El pasado veintidós de abril, Femi Kuti, el primogénito del Dios Fela, desembarcó en Zaragoza con su populosa troupe para presentar, en el seno del Slap Indoor Festival, su último disco “No place for my dream”. Trece personas sobre el escenario, percusiones, órganos, guitarra, bajo, sección de vientos y tres alucinantes bailarinas. Femi no es Fela pero a ratos lo parece. Dotado de una presencia física imponente, canta, toca la trompeta, el saxo y los teclados oficiando como frontman, maestro de ceremonias, director de orquesta y, finalmente, agitador político. Más de dos horas duró el incendio. Y, sí, al final se permitió recordarnos a los españoles que ahora éramos también pobres. Dos horas largas de música musculosa, de ritmo febril e intensidad pocas veces vista por estas latitudes. Sonaron temas nuevos, viejos éxitos de Femi (glorioso el “Sorry” de su primer trabajo “Shoki”) y también el legendario “Water no get enemy” de papá Fela, una de mis canciones favoritas de todos los tiempos. He asistido a muchos conciertos pero creo que nunca antes había estado expuesto a una fuente de energía similar. Algunos momentos de la actuación de Femi consiguieron desencajar mi mandíbula, inducirme una especie de iluminación muy cercana a los trances a través de los que los dioses yorubas se comunican con el mundo de los vivos. Largos crescendos de órgano y percusión ascendiendo hacia los cielos. Agudas espirales de vientos. Bajos inmisericordes. Guitarras rasgadas a velocidad imposible. Teclados cortantes como hachas recién afiladas. Y la voz áspera del oficiante. Femi, el hijo aventajado del Dios Fela.
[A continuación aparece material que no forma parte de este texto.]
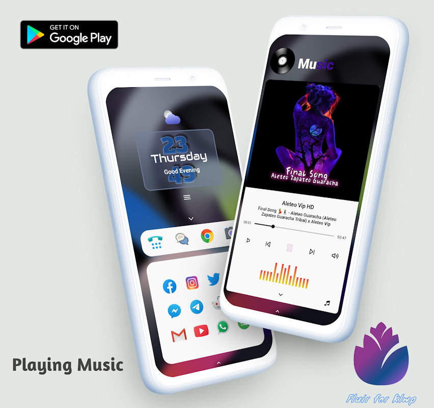 Flow for Klwp teması, tüm ekran en boy oranlarını destekler.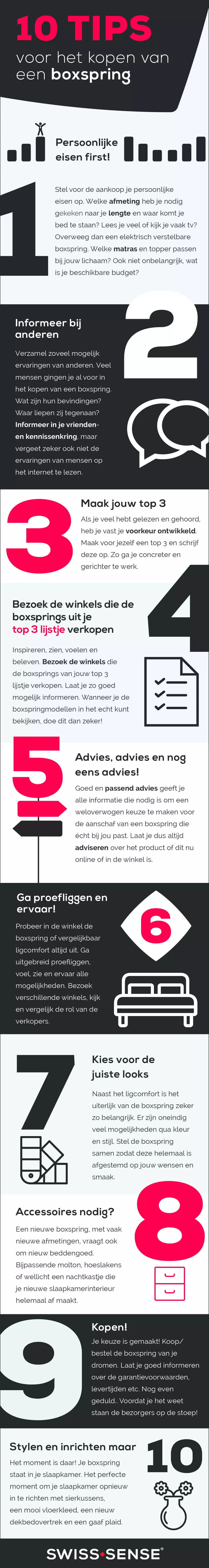 Je besteedt een derde van je leven op bed. Het is daarom belangrijk dat je bed - of in dit geval je boxspring - perfect bij jouw wensen en behoeften past. Maar hoe vind je een boxspring die bij je past? Om deze opgave makkelijker en overzichtelijker te maken hebben wij 10 tips aan de hand van stappen voor je gemaakt. Zo wordt een boxspring kopen een stuk eenvoudiger en slaap jij straks op de boxspring die helemaal bij jou past!

El Afrobeat sigue vivo. A la gira española de Femi se sucederá en breve la de su otro hermano. Será en la próxima edición del Primavera Sound, a finales del entrante mes de mayo. Seun Kuti y sus Egypt ’80 descargarán en Barcelona su tormenta sonora sobre un público que, a priori, no parece el más adecuado. ¿Lograrán sobrevivir las legiones de universitarios, hipsters y guiris a la agresividad de la estirpe del gran Fela? ¿Conseguiré cuando sea alcalde de Caspe hermanarlo con Lagos y convertir a los hermanos Kuti en músicos residentes de todos los actos de las Fiestas de Agosto?
El Afrobeat nunca muere. Fela habita entre nosotros. Por muchos años. Amén.